- **WHAT TO PRODUCE**
Although the data below contains pictures, output only the lines between those holding "Men's Adidas Washington" and "This bingo card", inclusive, exactly and without those pictures.
(DATASET Opens)
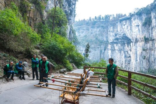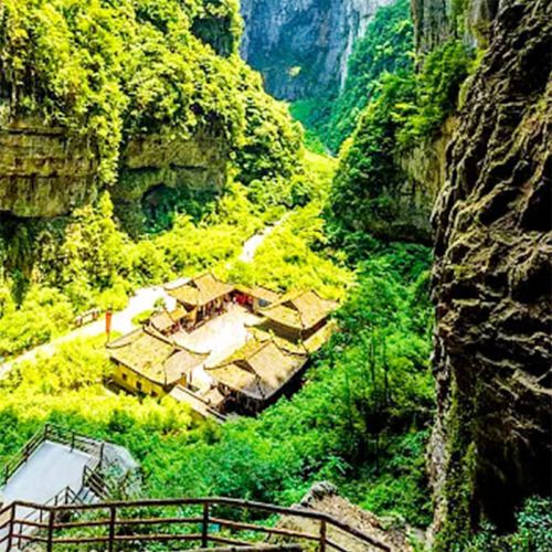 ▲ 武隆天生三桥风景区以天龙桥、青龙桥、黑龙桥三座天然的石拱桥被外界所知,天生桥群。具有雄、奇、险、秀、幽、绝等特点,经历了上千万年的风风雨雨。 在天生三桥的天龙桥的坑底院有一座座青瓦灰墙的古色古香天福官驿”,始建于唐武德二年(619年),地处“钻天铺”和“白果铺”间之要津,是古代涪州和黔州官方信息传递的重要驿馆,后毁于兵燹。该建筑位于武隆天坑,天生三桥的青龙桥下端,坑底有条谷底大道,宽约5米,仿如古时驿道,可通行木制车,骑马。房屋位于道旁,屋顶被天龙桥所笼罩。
(DATASET Closes)
(DATASET Opens)
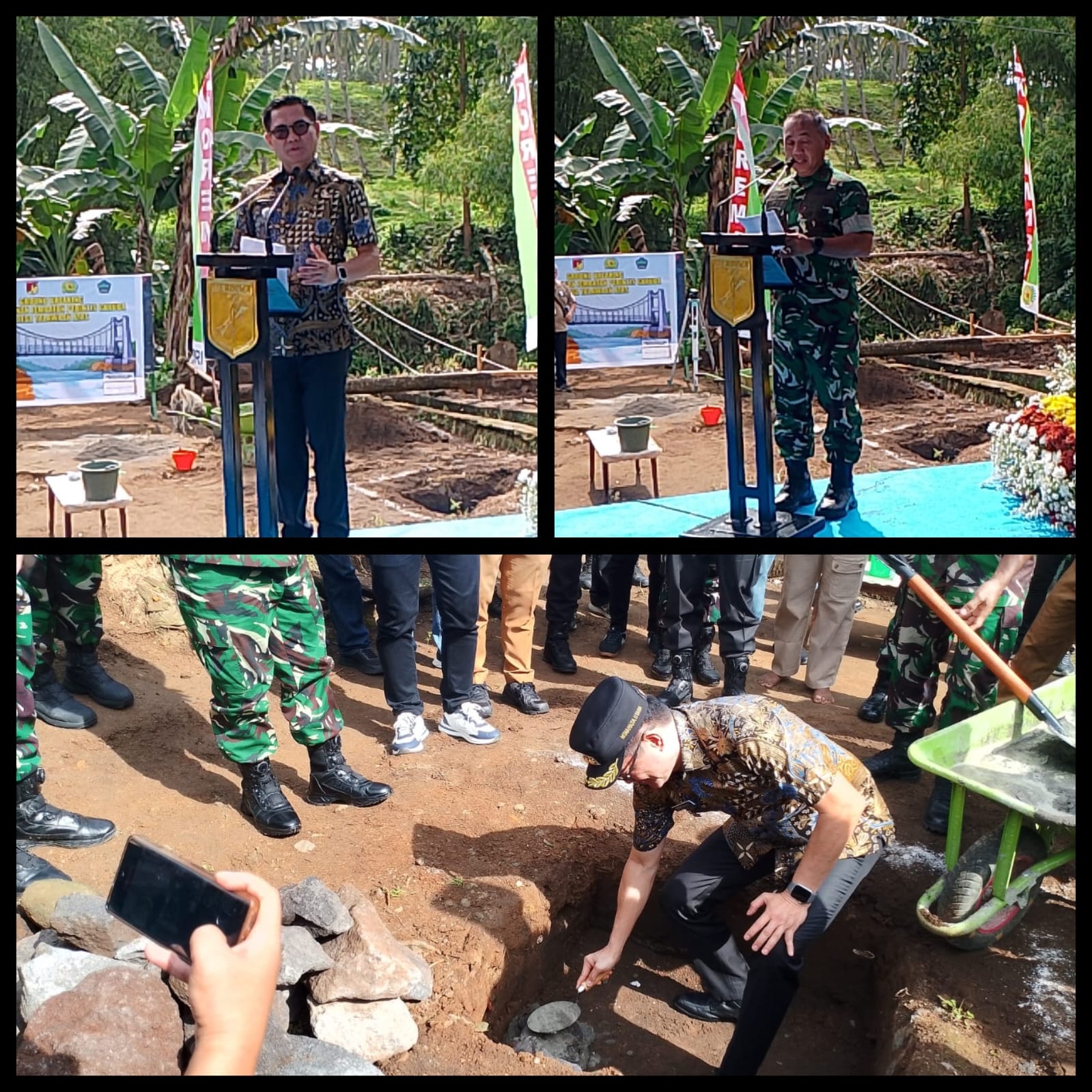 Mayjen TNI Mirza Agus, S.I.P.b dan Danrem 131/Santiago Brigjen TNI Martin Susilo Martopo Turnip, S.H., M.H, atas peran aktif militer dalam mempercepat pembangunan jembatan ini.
(DATASET Closes)
(DATASET Opens)
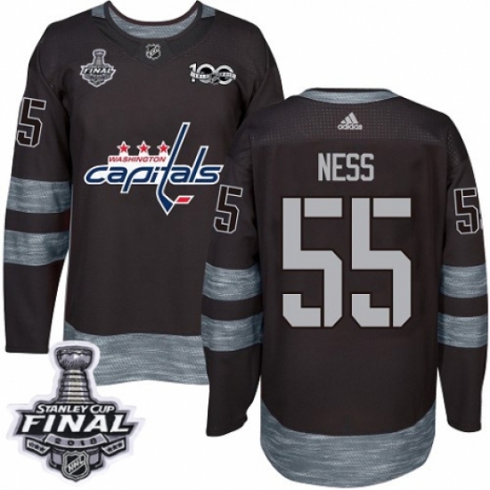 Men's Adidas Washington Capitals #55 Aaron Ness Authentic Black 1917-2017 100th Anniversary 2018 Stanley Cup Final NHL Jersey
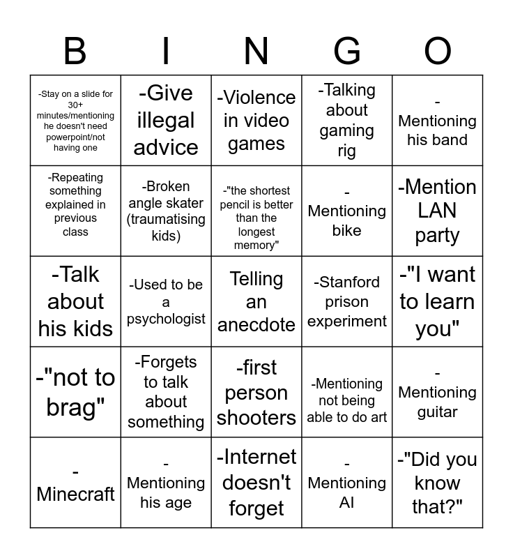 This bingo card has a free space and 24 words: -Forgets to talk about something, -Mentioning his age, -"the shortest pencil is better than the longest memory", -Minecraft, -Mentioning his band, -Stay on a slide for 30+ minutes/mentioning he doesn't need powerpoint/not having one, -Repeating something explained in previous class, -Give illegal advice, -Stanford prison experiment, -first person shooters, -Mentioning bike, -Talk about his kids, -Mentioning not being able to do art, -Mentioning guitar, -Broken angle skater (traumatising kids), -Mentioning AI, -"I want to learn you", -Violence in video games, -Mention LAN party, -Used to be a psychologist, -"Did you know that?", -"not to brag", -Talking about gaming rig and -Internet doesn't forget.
(DATASET Closes)
- **SOLUTION TO THIS TASK**
 Men's Adidas Washington Capitals #55 Aaron Ness Authentic Black 1917-2017 100th Anniversary 2018 Stanley Cup Final NHL Jersey
 This bingo card has a free space and 24 words: -Forgets to talk about something, -Mentioning his age, -"the shortest pencil is better than the longest memory", -Minecraft, -Mentioning his band, -Stay on a slide for 30+ minutes/mentioning he doesn't need powerpoint/not having one, -Repeating something explained in previous class, -Give illegal advice, -Stanford prison experiment, -first person shooters, -Mentioning bike, -Talk about his kids, -Mentioning not being able to do art, -Mentioning guitar, -Broken angle skater (traumatising kids), -Mentioning AI, -"I want to learn you", -Violence in video games, -Mention LAN party, -Used to be a psychologist, -"Did you know that?", -"not to brag", -Talking about gaming rig and -Internet doesn't forget.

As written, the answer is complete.